The FDNY's Electronic Pre-hospital Care Report, uploads the patient's stats to an online cloud server that can easily be accessed by the city's hospitals. Sophia Kwok, the division chief in charge of the ePCR program, said the system has been instrumental for her crews.
"Everything we do essentially is to allow the EMTs and paramedics to give patients better care," she said.
Ambulance crews use tablets and Wi-Fi built into the truck to transmit the anonymous data to the system. Awaiting doctors not only have more time preparing emergency rooms for the patient, they also can provide guidance to the responders to treat immediate injuries.
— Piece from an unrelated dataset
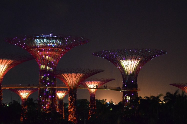And watched the Garden Rhapsody, a synchronized light show in the supertree grove. This version was specially produced in celebration of Singapore’s 50th anniversary, which we missed by about a week.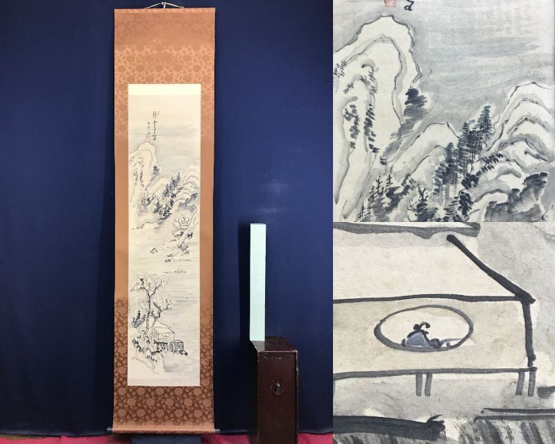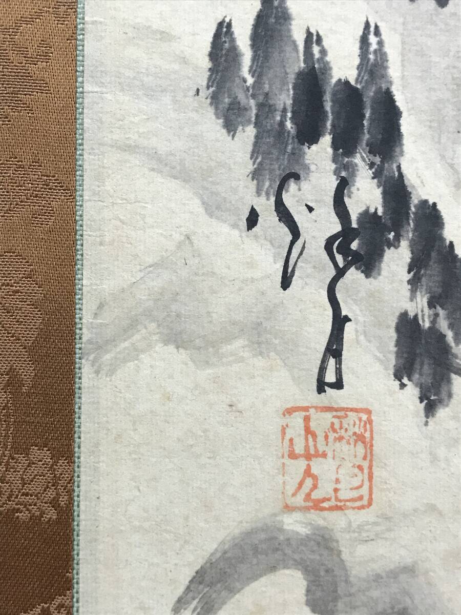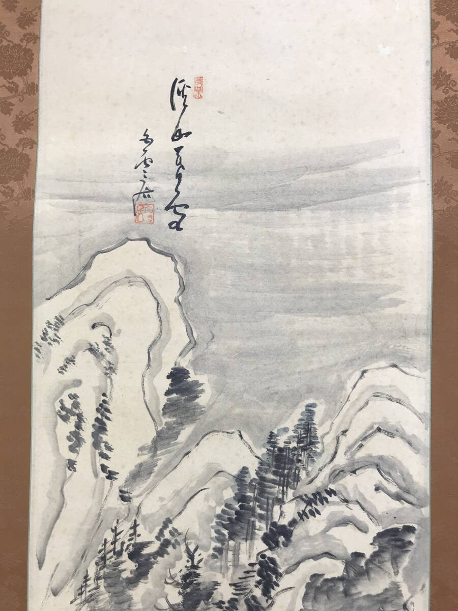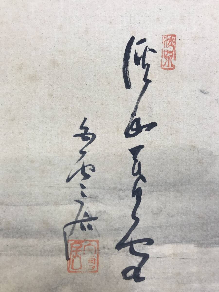 【作品状態】 本紙は紙本肉筆です。本紙は薄汚れ、全体に糊シミあります。表装は良好です。

"This is near real time as the document is prepared. Before, when we had paper, it had to be scanned and the paper was taken to a storage area and we had to wait until the end of the day for the data to be updated," Kwok said.
The FDNY estimates that the service will save the city more than $1.7 million as a result of reduced overtime and support costs that were associated with the old paper system. Kwok said the agency will continue to fine-tune the database to make it more efficient.
The city's Department of Health has three tech initiatives in the works to help improve New Yorkers' well-being.
The agency updated its mobile app, ABCEats, which provides information on restaurant grades and inspections. Now, users can search eateries by cuisine and report missing grade signage.
Health department officials are now using video conferencing to treat tuberculosis cases. Patients are given secure smartphones loaded with an app that allows a health worker to observe 30 people a day and make sure they are taking their medications.
"This approach removes barriers by making the 'visits' cheaper, more convenient for both the health professional and the patient, and less intrusive," the health department said in a statement.
The agency also urges New Yorkers to use its text information services. People can send various messages to 877-877 for up-to-date data on HIV care, green markets and other options.
"Our texting campaigns have proved to be a great way for New Yorkers to find the health services they need in an easy and open way," the health department said.